I want to create 2 new longitude and 2 new latitudes based on a coordinate and a distance in meters, I want to create a nice bounding box around a certain point. It is for a part of a city and max ±1500 meters. I therefore don't think the curvature of earth has to be taken into account.
So I have 50.0452345 (x) and 4.3242234 (y) and I want to know x + 500 meters, x - 500 meters, y - 500 meters, y + 500 meters
I found many algorithms but almost all seem to deal with the distance between points.
The number of kilometers per degree of longitude is approximately
(pi/180) * r_earth * cos(theta*pi/180)
where theta is the latitude in degrees and r_earth is approximately 6378 km.
The number of kilometers per degree of latitude is approximately the same at all locations, approx
(pi/180) * r_earth = 111 km / degree
So you can do:
new_latitude = latitude + (dy / r_earth) * (180 / pi);
new_longitude = longitude + (dx / r_earth) * (180 / pi) / cos(latitude * pi/180);
As long as dx and dy are small compared to the radius of the earth and you don't get too close to the poles.
The accepted answer is perfectly right and works. I made some tweaks and turned into this:
double meters = 50;
// number of km per degree = ~111km (111.32 in google maps, but range varies
// between 110.567km at the equator and 111.699km at the poles)
//
// 111.32km = 111320.0m (".0" is used to make sure the result of division is
// double even if the "meters" variable can't be explicitly declared as double)

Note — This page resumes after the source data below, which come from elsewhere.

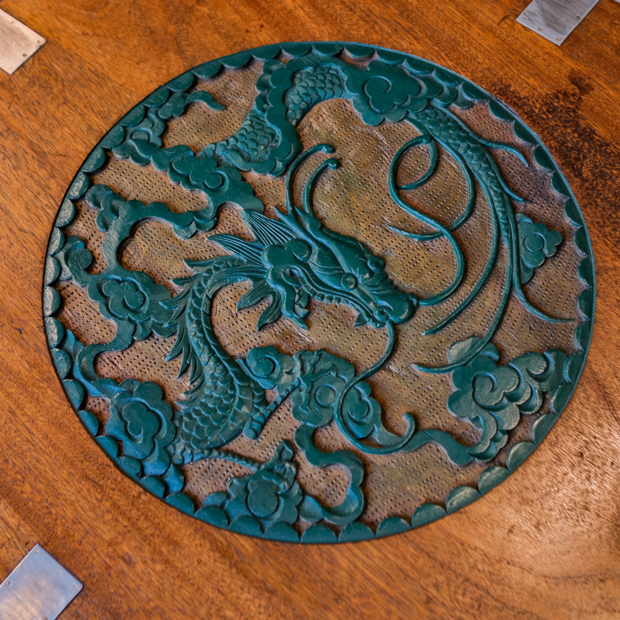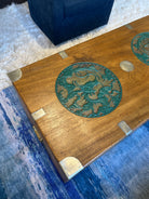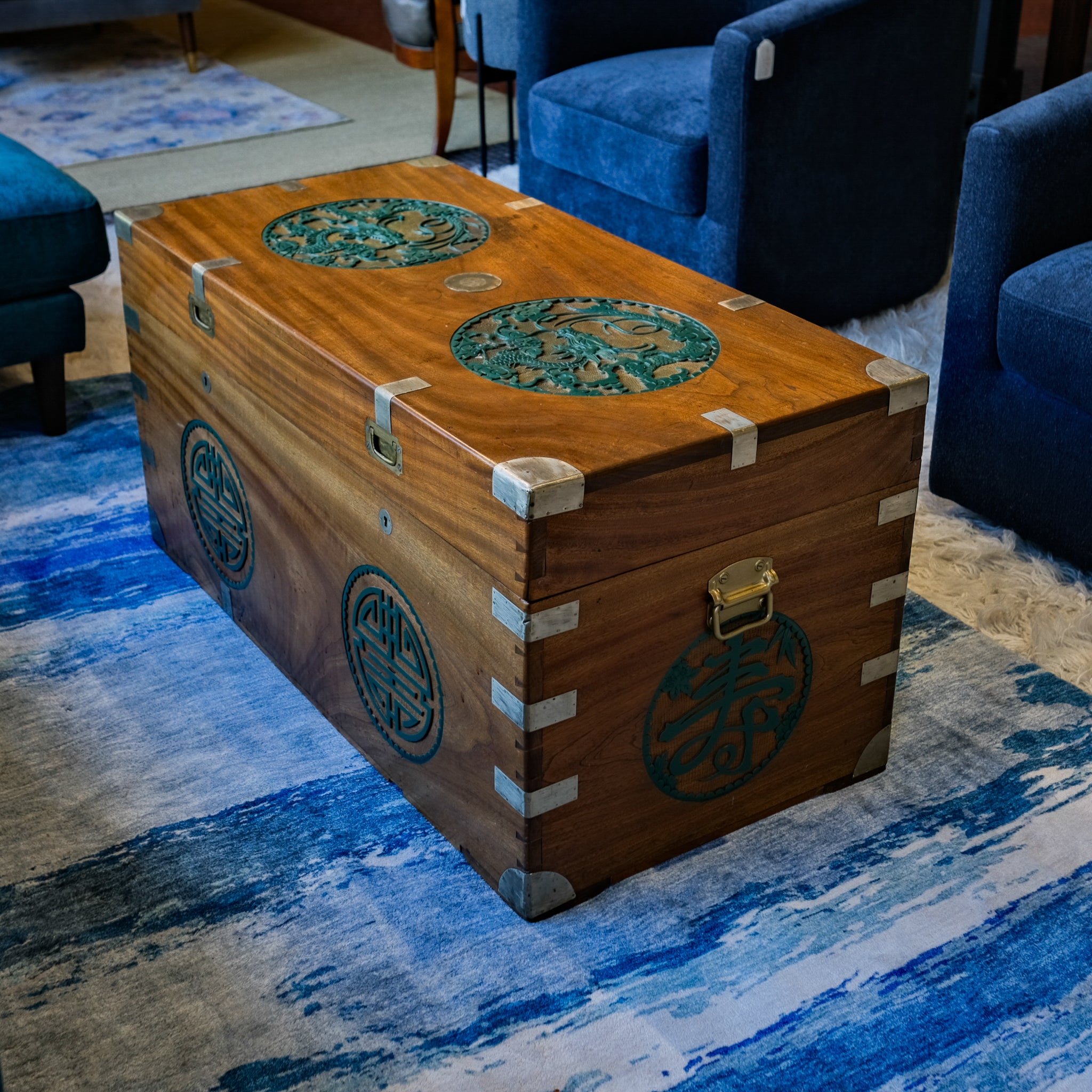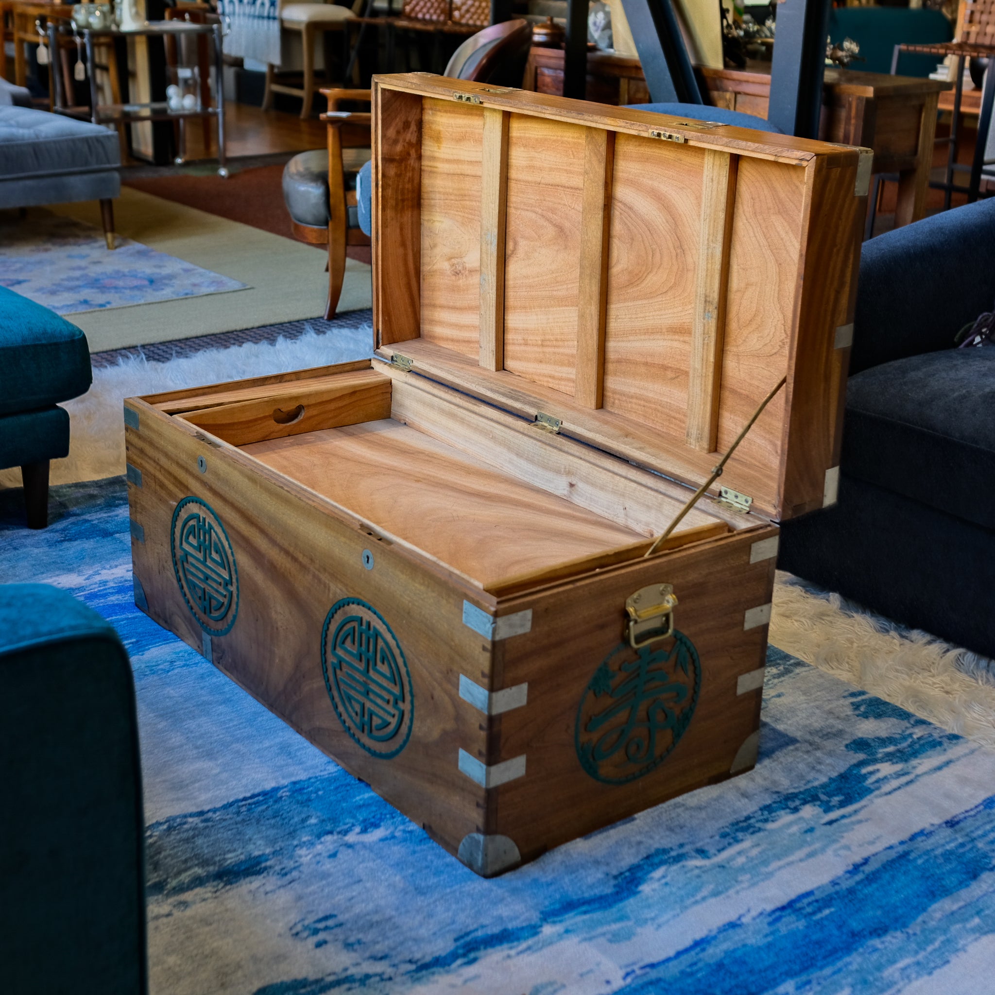 Experience the charm and history of the open seas with our Chinese Camphor Wood Sailor's Sea Chest. Made of durable camphor wood, this 41" L x 20" W x 20" H trunk is beautifully accented with jade and brass inlays. Perfect for storing your treasures and adding a touch of exotic elegance to any space.Β Teak Trunk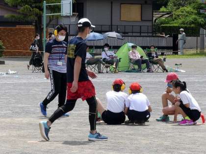 会場の児童の様子を見守ったり、用具の準備をしたり、進行、放送、救護、得点、受付、ビデオなどたくさんの仕事をこなしています。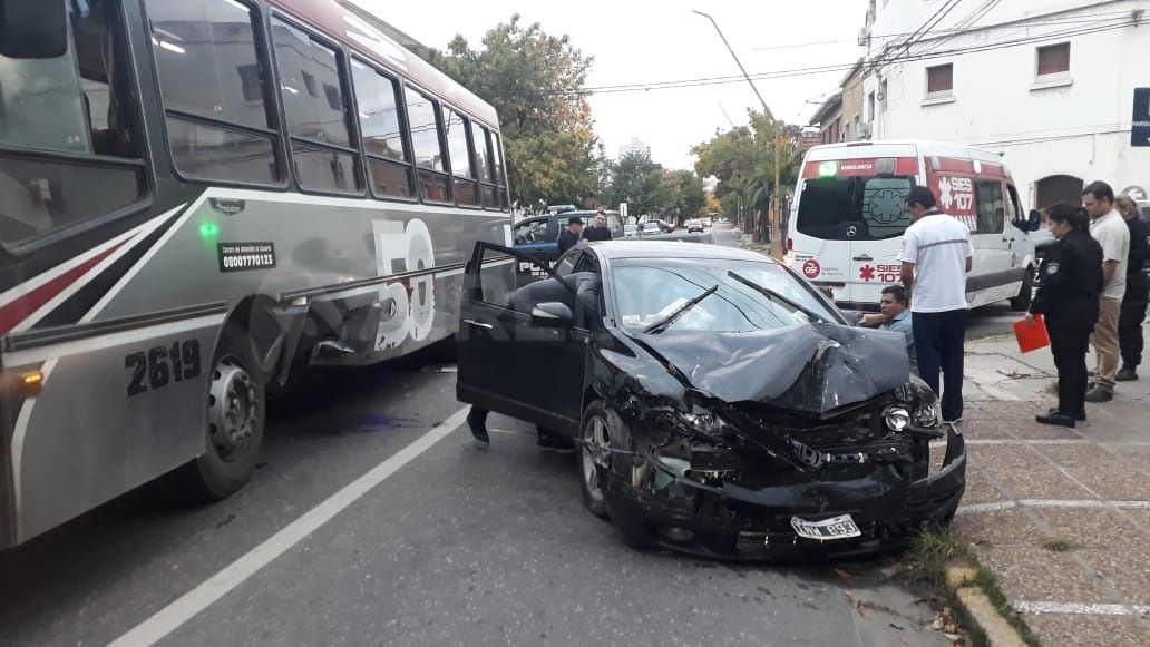 El siniestro vial se produjo a las 7:30 en Balcarce y Belgrano. Dos hombres que circulaban en un Honda Civic, aparentemente a alta velocidad, chocaron a un interno de la Línea 2.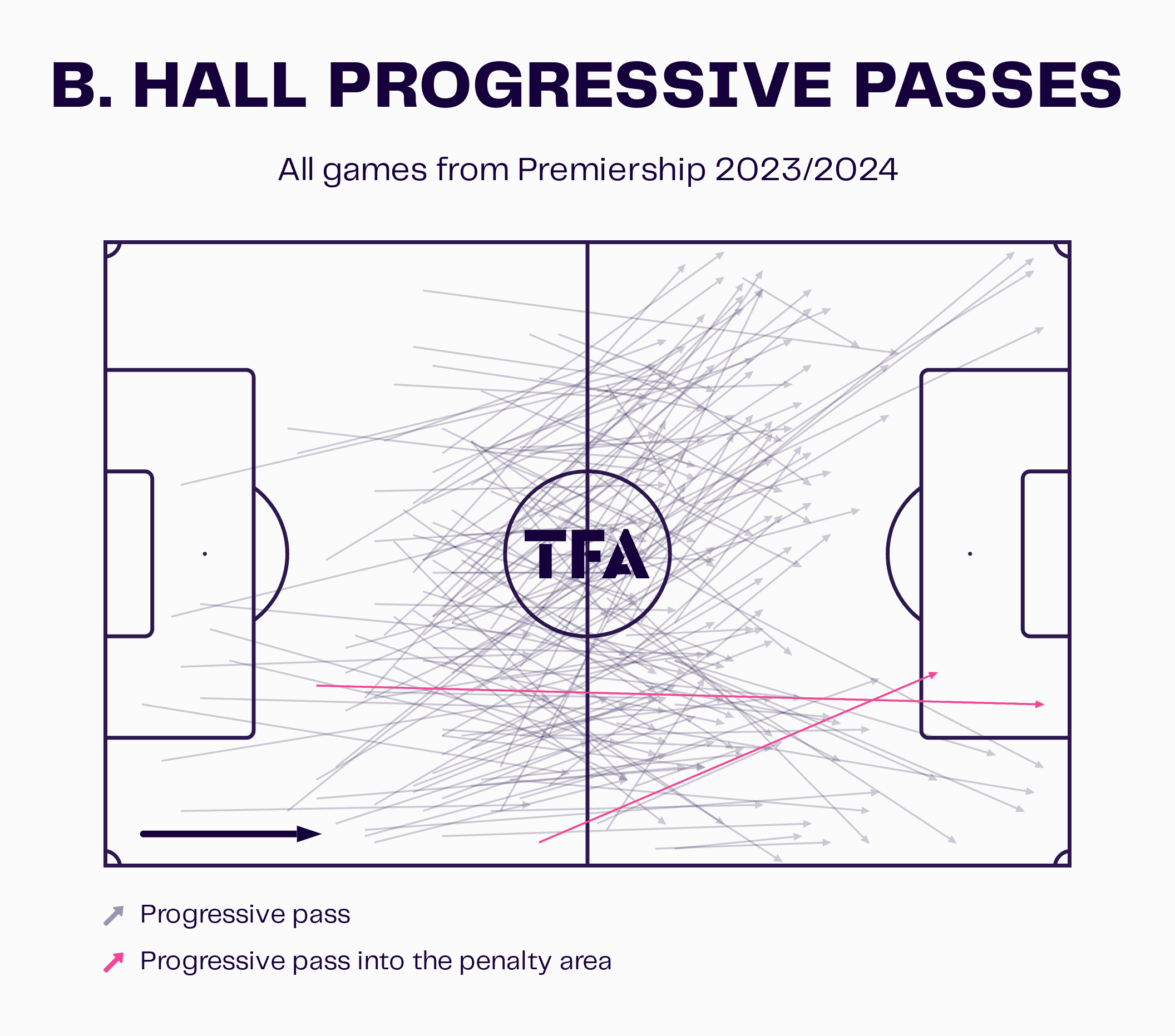 Furthermore, if we look specifically at Ben Hall’s progressive passes this season, we can see how instrumental the 27-year-old is at playing long progressive passes in wide areas.
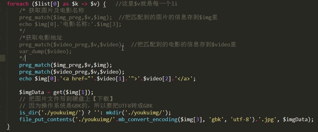 preg_match($video_preg,$v,$video); //把匹配到的电影的信息存到$video里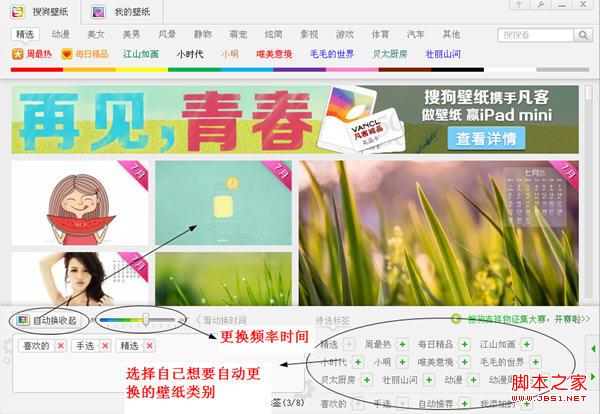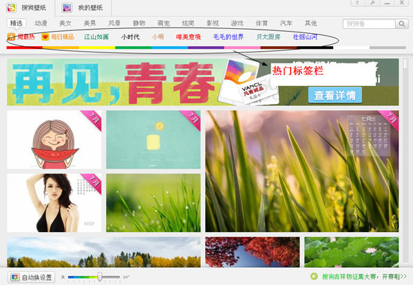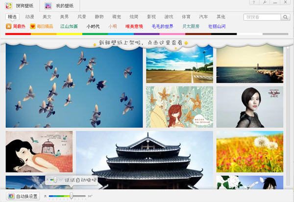 搜狗壁紙還有自動換的功能哦,就是程序左下角!自動換設置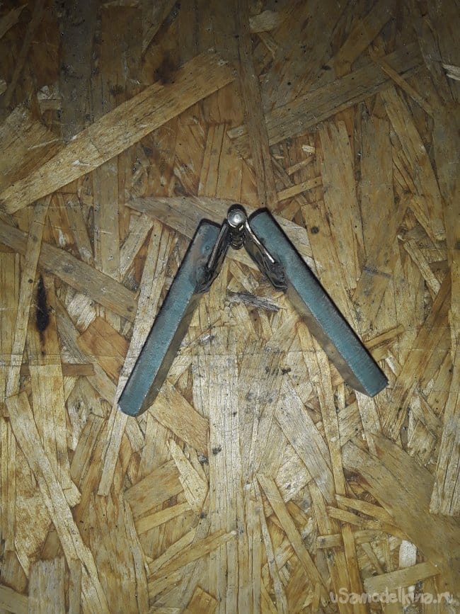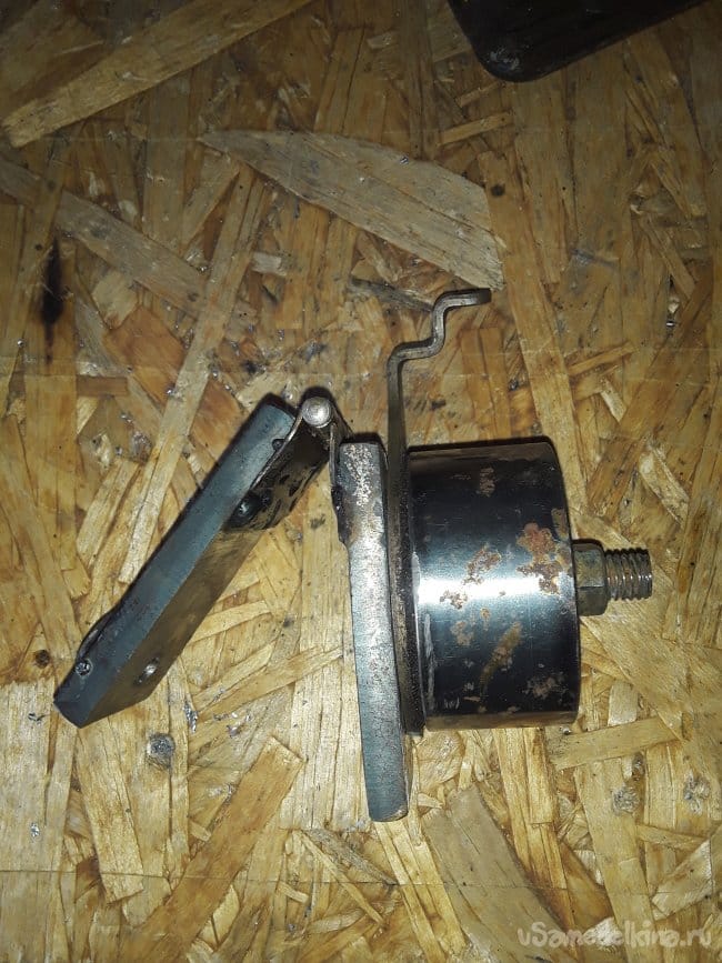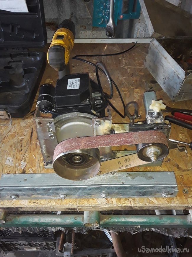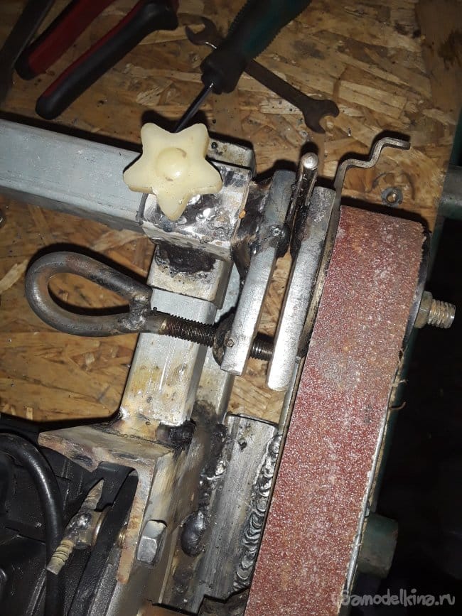 Для крепления натяжного ролика взял две пластины 8 мм толщиной 7 см длиной и 5 см шириной для того чтобы можно было менять угол наклона привариваю на края навес не знаю откуда он, но он подошел как надо. Для самого ролика в центре пластины приварил болт 10 мм через шайбу затянул все. С обратной стороны на краю пластины просверлил отверстие 8 мм и приварил гайку. Из проволоки согнул ключик и нарезал резьбу им я могу регулировать угол чтобы лента не убегала. Для крепления этого всего с обратной стороны привариваю профиль 30 на 30 мм и все механизм натяжного ролика готов все примеряю на свои места все протягиваю как надо. Ставлю ленту, запускаю и все работает как надо один минус - это то, что искры летят куда не надо, но это мелочи немного доработаю потом потому что двигатель крутит по часовой стрелке если я сделаю вращения против часовой стрелки да искры не будут лететь, но при работе острее или край заготовки может попасть на стык там где лента склеивалась и тогда травмы будут точно ну как-то так немного поработал, посмотрел что еще сделать мелочи доделал. После работы убедился что все устраивает разбирать все, шлифую и крашу.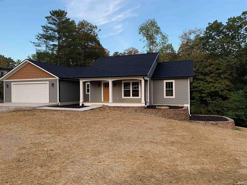 A RARE find in Brown County, NEW construction just outside of the artist village of Nashville! This gorgeous quality built home is situated on 1.80 acres, featuring master suite & laundry on main level, 2 additional bedrooms, open concept floor plan, stylish design including pocket doors, six panel doors, high quality laminate, 2 car attached garage, full basement with poured concrete walls & 9' ceilings. The kitchen has an abundance of Amish Cabinets, eat-in island, granite counter tops & stainless appliances. Enjoy nature off the back deck or an evening on the stylish front porch. Home is connected to Town of Nashville Sewer & Water. The basement has plumbing installed for a third bathroom & would make a perfect over-sized family room.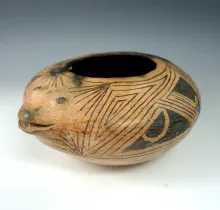 Well styled and nicely painted 7 1/4" Wide Effigy Jar. |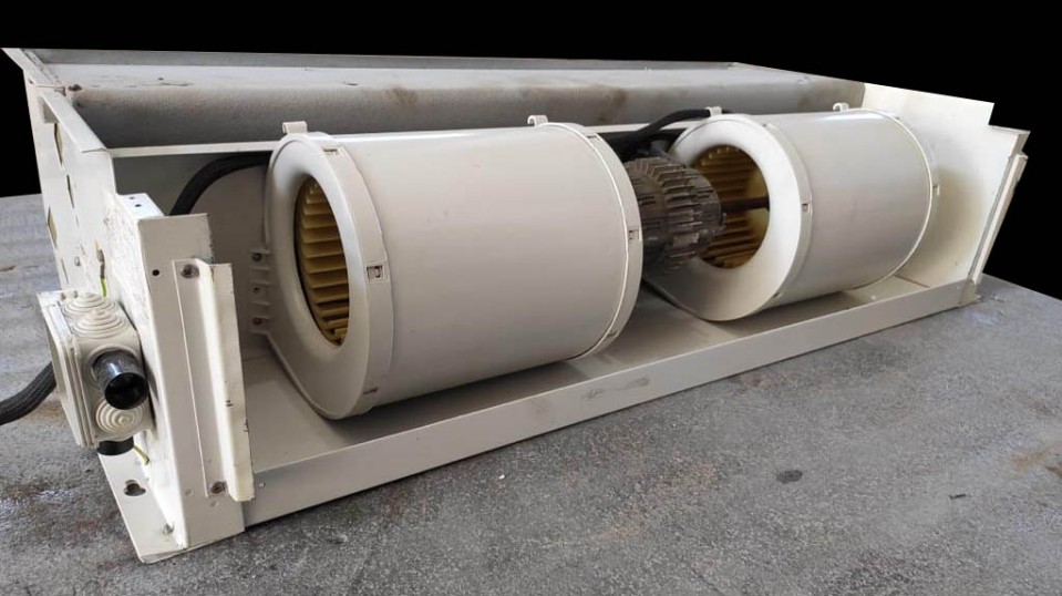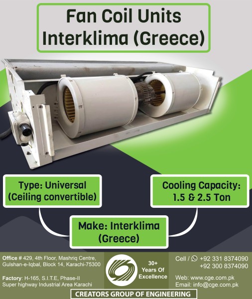 Chilled Water Fan Coil Units Make Interklima Greece Slim line Design Air foil shaped, Fan wheel made of special high resistance plastic for high air flow with low fan speed. Completely noiseless operation. Make: Interklima (Greece) Cooling Capacity: 1.5 & 2.5 Ton Nominal Air Flow: 400 & 800 CFM Type: Ceiling Concealed Media: Water Cooled Static Pressure: Low Static Blower: Centrifugal Type (Hot Dip Galvanized Body) Induction Motor: Direct Driven Motor (Three Speed) Power Supply: 220~230V 1Ph 50Hz Fabricated with a Rigid Galvanized Steel Casing and SS Drain Tray Fan motor built-in with thermal cut-out to prevent overloading at any speed and duty of the fans.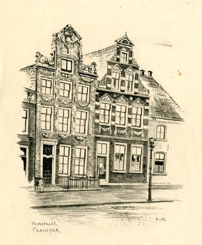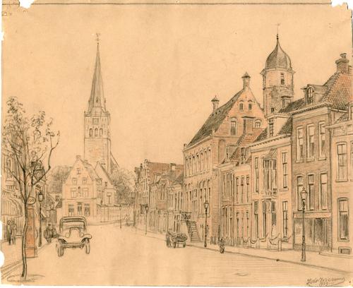 Tekening met potlood van de Voorstraat in Franeker d...

double coef = meters / 111320.0;
double new_lat = my_lat + coef;
// pi / 180 ~= 0.01745
double new_long = my_long + coef / Math.cos(my_lat * 0.01745);
Hope this helps too.
For latitude do:
var earth = 6378.137, //radius of the earth in kilometer
pi = Math.PI,
m = (1 / ((2 * pi / 360) * earth)) / 1000; //1 meter in degree
var new_latitude = latitude + (your_meters * m);
For longitude do:
var earth = 6378.137, //radius of the earth in kilometer
pi = Math.PI,
cos = Math.cos,
m = (1 / ((2 * pi / 360) * earth)) / 1000; //1 meter in degree
var new_longitude = longitude + (your_meters * m) / cos(latitude * (pi / 180));
The variable your_meters can contain a positive or a negative value.
I had to spend about two hours to work out the solution by #nibot , I simply needed a method to create a boundary box given its center point and width/height (or radius) in kilometers:
I don't fully understand the solution mathematically/ geographically.
I tweaked the solution (by trial and error) to get the four coordinates. Distances in km, given the current position and distance we shift to the new position in the four coordinates:
North:
private static Position ToNorthPosition(Position center, double northDistance)
{
double r_earth = 6378;
var pi = Math.PI;
var new_latitude = center.Lat + (northDistance / r_earth) * (180 / pi);
return new Position(new_latitude, center.Long);
}
East:
private static Position ToEastPosition(Position center, double eastDistance)
{
double r_earth = 6378;
var pi = Math.PI;
var new_longitude = center.Long + (eastDistance / r_earth) * (180 / pi) / Math.Cos(center.Lat * pi / 180);
return new Position(center.Lat, new_longitude);
}
South:
private static Position ToSouthPosition(Position center, double southDistance)
{
double r_earth = 6378;
var pi = Math.PI;
var new_latitude = center.Lat - (southDistance / r_earth) * (180 / pi);
return new Position(new_latitude, center.Long);
}
West:
private static Position ToWestPosition(Position center, double westDistance)
{
double r_earth = 6378;
var pi = Math.PI;
var new_longitude = center.Long - (westDistance / r_earth) * (180 / pi) / Math.Cos(center.Lat * pi / 180);
return new Position(center.Lat, new_longitude);
}
Have you checked out: How do I find the lat/long that is x km north of a given lat/long ?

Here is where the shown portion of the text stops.